Human-water Interactions in Urban Systems: Challenges and Opportunities in the 21st Century

Humans have long had profound impacts on hydrologic processes, particularly within cities where complex management structures and land use change create a local hydrologic cycle that is highly altered and hard to predict. Urbanization has significant impacts on the physical environment and the organisms, including humans, living in this system. Urban development results in surfaces that are covered with a variety of materials with distinct thermal, radiative, and moisture properties influencing local and regional energy and water budgets. The conversion from pervious to impervious surfaces changes hydrologic response by increasing flood risk and degrading water quality. Moreover, contrasting aerodynamic properties of buildings significantly change surface roughness and turbulence. The effects associated with modified urban landscapes also extend to degraded air quality, increases in local temperatures, changes in regional atmospheric circulation and alterations in precipitation patterns. Urban populations also increase regional water demand and water supply gaps are common throughout the western U.S. Due to the continuing transition from rural to urban living, most humans now live in cities. This trend is expected to continue, and by 2030 it is estimated that over two-thirds of the world’s population will reside within urban areas. The combination of a rapidly densifying urban population with climate change creates significant challenges for cities in their quest to better manage this human-physical relationship.

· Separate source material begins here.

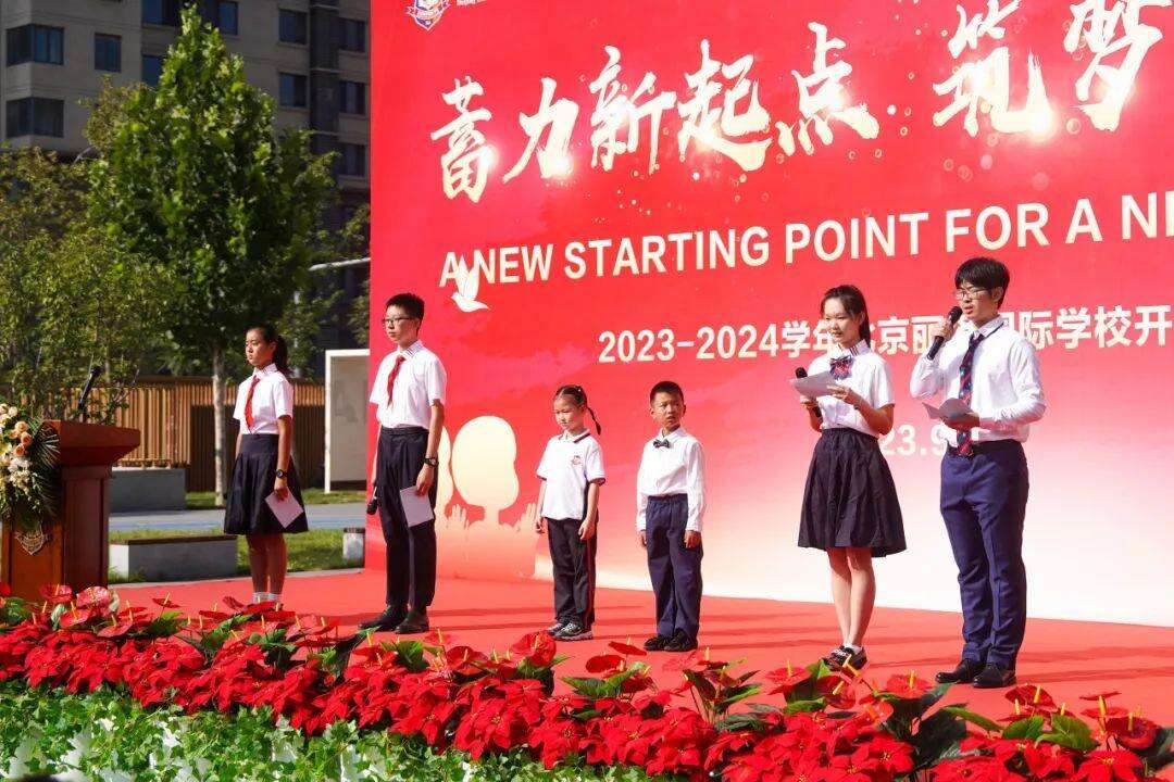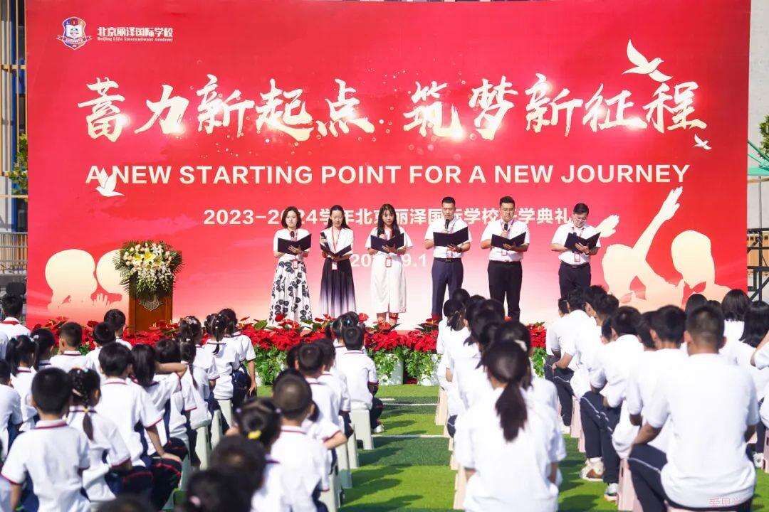 2023年9月1日上午,北京丽泽国际学校全体师生齐聚一堂,隆重举行以“蓄力新起点,筑梦新征程”为主题的开学典礼。全体新生迈着坚定自信的步伐,携手走过迎新门,步入人生的新阶段。这是共同迎接新学年、新起点的豪情时刻;也是充满希望和憧憬的美好时刻。开学典礼在雄壮激昂的国歌中开启,那一刻,大家都再次扬帆起航踏上新征程。

As growth intensifies and cities redesign the urban framework, opportunities arise for rethinking our relationship with cities. This presentation will overview recent advances in predicting land-atmosphere-water interactions in urban areas, including better understanding water consumption patterns and drivers, improving tools for optimizing stormwater capture, evaluating the co-benefits of green infrastructure and modeling energy-water budgets in cities. More accurate representation of land-atmosphere-water processes in urban systems is critical for regional resource management, especially in water stressed semi-arid cities of the world.